As for the cautionary point of James Cameron, this is the same thing you find in the Star Trek and Star Wars imagery and numerous other sci-fi stories. Long before there was a Terminator movie, there were stories like "Colossus" which became "The Forbin Project" movie.
In fact, Gene Roddenberry did a pilot for a series called "The Questor Tapes". It was a TV movie wherein a team of scientists build an android from plans left behind by a missing genius scientist. The android turns out to have a preprogrammed mission to find that scientist, and joined by one of the human engineers, starts searching for the missing scientist, while pursued by the world's governments who believe he has gone rogue for some nefarious agenda.
Even his human companion wonders about the android's agenda when he finds the android using super-surveillance equipment to monitor situations all over the world in a secret lair.
The human asks the android to consider the possibility that his creator was not sane. The android responds, "One's creator not sane? How would you answer that question in your own case?"
It turns out the missing scientist is himself an android from another world, one of a long line of androids sent to Earth throughout history to assist it in its development. The new android, whose programming was damaged by the human scientists constructing him, needs a human to teach him the emotional side. At the end, he and the human engineer team up to assist the world, while the government agent tracking them, who discovers the real story, sacrifices his life to protect the android from being discovered and destroyed.
In essence, this movie was the exact OPPOSITE of the Terminator franchise in concept. The concept was that the human race needed help from machines - albeit androids that understood human emotions and human values.
This is similar to the movie "The Day The Earth Stood Still" where alien civilizations had turned over all police functions to a caste of robots.
It would be more interesting for the Terminator TV series to turn the Terminator movie franchise on its ear - and have Cameron be the one that contributes as much to the defeat of Skynet as John Connor, and to do so WITHOUT going through the whole "I need to be human" process that is a constant in such stories.

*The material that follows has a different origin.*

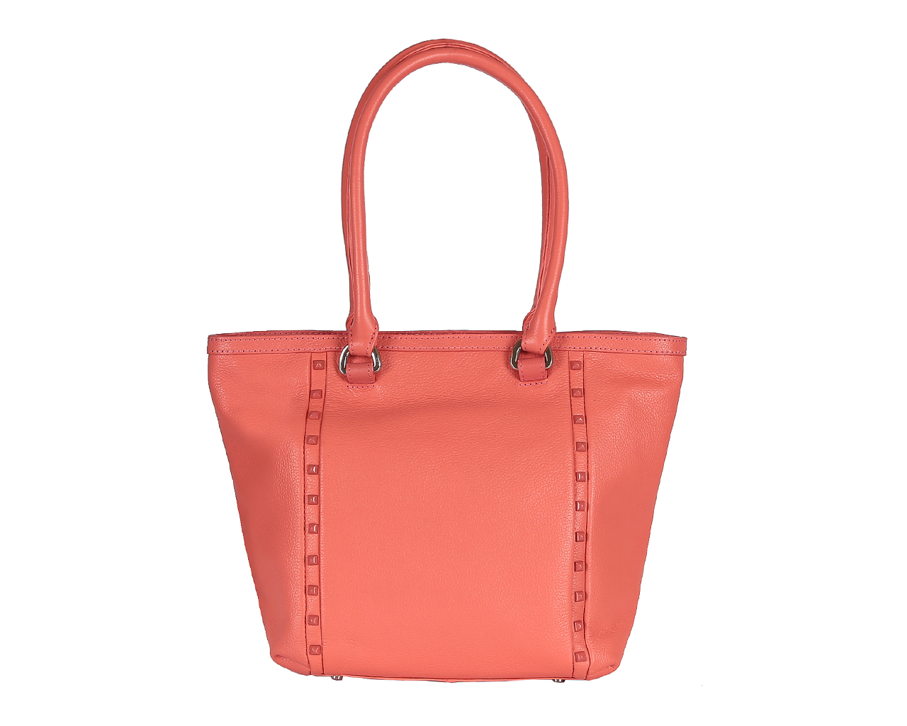 Женская сумка Palio из натуральной кожи. Внутри: одно отделение, на боковых стенках расположены два кармана для мелочей и карман на молнии. Сумка закрывается на металлическую молнию. Кожа мягкая, форма сумки изменяется соответственно наполнению. Аксессуар декорирован заклепками в виде шипов, фурнитура – серебро. Размеры меньше формата А4. Сумка носится на сгибе руки или на плече. На дне сумки расположены металлические ножки, защищающие её от механических повреждений.

Blurring the difference between man and machine by having machines take on human emotions and humans behaving like soulless machines is all very interesting, but not so much as blurring the conflict between man and machine entirely.
James Middleton has said that future John risks the wrath of his peers by "embracing the enemy" by using reprogrammed Terminators. There is no better way to show that than in his relationship with Cameron and its effects on Sarah, the quintessential human in this series.
Sarah has every human flaw - except maliciousness - magnified to an enormous degree. John has various flaws but not nearly as many as Sarah. This is reasonable since the show technically is about Sarah Connor more than it is John Connor.
From my Transhuman standpoint, seeing the effect on Sarah Connor of John turning away from her "bald humanity" and her neo-Luddite dislike of machines from way back in her child hood days and becoming "tainted by the machines" in his relationship with Cameron and his approach to combating Skynet would be much more interesting than simply reprising James Cameron's cautionary tale one more time.
But that's just me - and I rather doubt Josh Friedman has that same vision.